Secret Service Agent's Misfire Hit Jfk, Book Says
There was a second gunman that day in Dealey Plaza - a Secret Service agent who accidentally fired his new M-16 prototype rifle and hit President John F. Kennedy, according to a new book.
The startling assertion is made in "Mortal Error," based on the 25-year research of Howard Donahue, one of 11 marksmen used by CBS News in 1967 to try to duplicate assassin Lee Harvey Oswald's three-shot feat on Nov. 22, 1963.
Donahue, now 69, bettered Oswald's purported three-shot feat in time and accuracy.
But Donahue and author Bonar Menninger now say Oswald fired only twice. His first shot missed Kennedy; the second hit the president high on his back.
The third shot - the one to Kennedy's head - came from Secret Service agent George Hickey, who lost his balance while riding in an open security car about 5 feet behind Kennedy's open limousine, they say.
"There was no conspiracy," said Donahue, a Maryland ballistics expert. "It was a sheer . . . accident."
Hickey could not be reached for comment.
Thomas McCormack, head of St. Martin's Press, which is publishing the book, said he and the authors made extraordinary attempts to discuss the theory with Hickey, but the former agent would not cooperate.
The Secret Service told Donahue, in writing, several years ago that none of its agents fired any weapon that day.
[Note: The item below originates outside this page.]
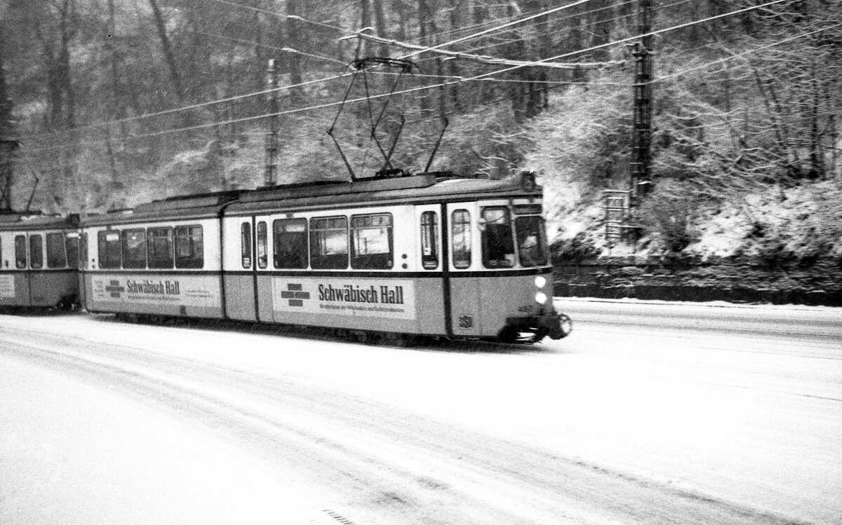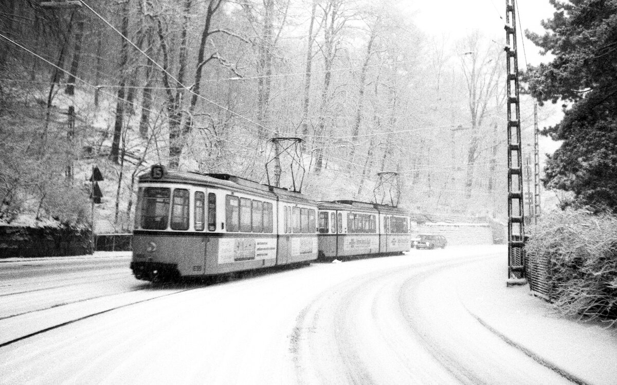 SSB Stuttgart__Verschwundene Strecken__Linie 15 mit GT4 599 als BTw auf der Neuen Weinsteige kurz vor der Haltestelle 'Altenbergstaffel'. Im Wald rechts, ca. 12 Meter oberhalb der Neuen Weinsteige ist seit 1987 die "Fenstertrasse" in Betrieb. (Linie 15 verkehrte von 01.10.1978 bis 22.05.1982 nach Degerloch (HVZ Möhringen).__06-01-1981 Klaus-Erich Lisk

Donahue said it was possible that, with all the commotion, Hickey at the time may not have realized his rifle had discharged.
Or, he said, it's possible the Secret Service was aware of Hickey's alleged fatal goof - and covered it up to avoid embarrassment.
Attorney David Belin, former chief counsel to the Warren Commission and author of two books on the assassination, dismissed Donahue's theory.
"It's another example of people that exploit the public," Belin said.